The solution that advocates have proposed is the “Fair Pay for Home Care” bill, which would index home care workers’ minimum wage to 150% above minimum wage — around $22.50 an hour upstate — and ensure that private insurance companies that manage the funding reimburse agencies for wages for aides working with seniors and people with physical disabilities.

Private insurance doesn’t equally affect people with developmental disabilities or those who care for them, because they receive funds from the Office for People with Developmental Disabilities, while home care aides who take care of seniors and people with physical disabilities are paid through agencies and private insurance companies.

Some critics of Fair Pay for Home Care argue the bill relies on overestimated saving costs and an exaggerated view of New York’s home care workforce and doesn’t take into account other ripple effects on the economy.

The Empire Center, a fiscally conservative think tank, said the bill would be too expensive and have unintended consequences for other health care workers who don’t receive additional sources of revenue, as well as for private employers, who would be pressured to raise wages, potentially pushing them out of business and raising prices for consumers.

Ultimately, advocates say New York’s ability to increase wages for home care workers and meet the growing demand for jobs will be the difference in whether seniors and New Yorkers with disabilities receive the care they need in the coming decades.

For many people with disabilities, home care workers are all they have, Kinch said.
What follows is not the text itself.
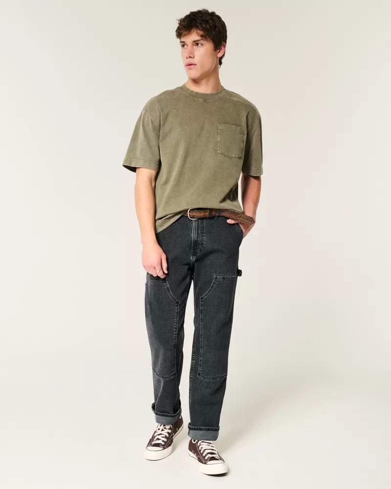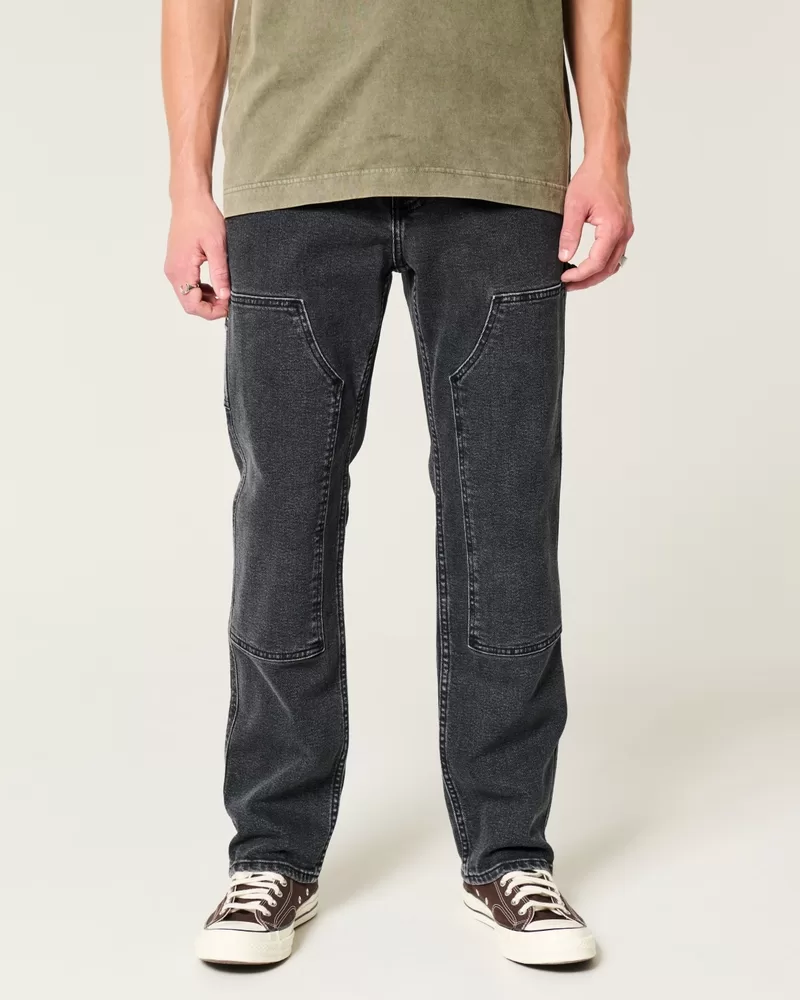 Classic carpenter-style denim jeans in washed black, designed with a loose leg and reinforced knee stitching. Left hammer loop, extra pockets. Imported.

During the snowstorm that hit the region in March, Kinch called her agency because she didn’t want to drive in hazardous road conditions. Later, while eating breakfast in her Kingston home, she got a call from the agency because they couldn’t find any aides to take care of her patient.

“Nobody. She had nobody. And I felt so bad,” Kinch said. “So I stopped eating, stopped drinking my coffee because I said, ‘I can’t do this. Why am I here eating and drinking coffee, and my lady’s in bed and can’t get up? I can’t do this.’”

Despite the low pay and the challenging work, Kinch said she loves taking care of people and has become attached to the patient she calls “lady,” whom she’s been helping since last August.

“I don’t want her left alone. It’s not fair,” Kinch said. “I know sometimes I say to the agency, ‘No, I can’t do it because I am tired.’ I don’t want to be burned out where I can’t go to work at all. But I hate to say no, because, you know, people need us.”